I am currently reading the proof of existence of haar measure, but I learn better mostly by examples so I would like examples of explicit computation of haar measure mainly on any $Gl(n,R)$ or any lie groups and please also explain the details as I didn't take a course in harmonic analysis I want to understand more what is going on explicitly since I understand stuff more with examples.

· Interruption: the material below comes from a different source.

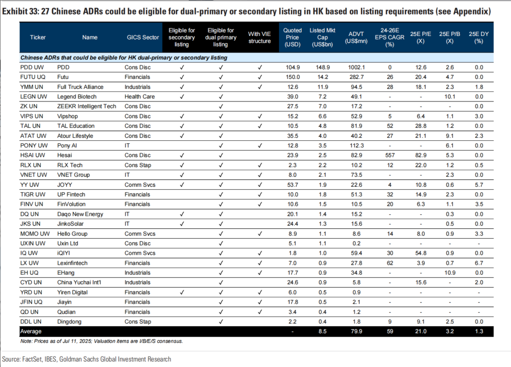 关注标的:20家计划赴港上市的优质A股(2024-2026 年 EPS 增速超 10%、PEG<2 倍、外资持股超 2%)和27家潜在双重上市的 ADR(若中美摩擦升级可能加速回归)。

For example given some matrix in Gl(n,R) I want to see computation done on it.

Answer 1

Here is a useful result in Folland's Modern Real Analysis.

Let $G$ be a locally compact group that is homeomorphic to an open subset $U$ of $\Bbb R^n$ in such a way that, if we identify $G$ with $U$, left translation is an affine map, i.e. $xy = A_xy+b_x$, where $A_x$ is a linear map on $\Bbb R^n$ and $b_x\in\Bbb R^n$. Then $|\det A_x|^{-1}\,dx$ is a left Haar measure on $G$. ($dx$ is the Haar measure on $\Bbb R^n$.) Particularly, if $G$ is a matrix group, then $|\det A|^{-n}\,dA$ is a Haar measure, where $dA$ is the Haar measure on $\Bbb R^{n\times n}$.

I'm going to assume that $G$ is actually a subset of $\Bbb R^n$ so that I don't have to keep track of all of the maps. You should do it in general though as a nice exercise.

The way to see the first result is by considering the Jacobian of the transformation. If you have a measurable set $S$ in $G$, then the measure of $xS$ is nothing more than the measure of $A_xS$ - note that the affine term $b_x$ does not contribute due to the Haar measure associated to $\Bbb R^n$. Moreover, since we have a Haar measure on $G$, the measure of $xS$ must be the measure of $S$.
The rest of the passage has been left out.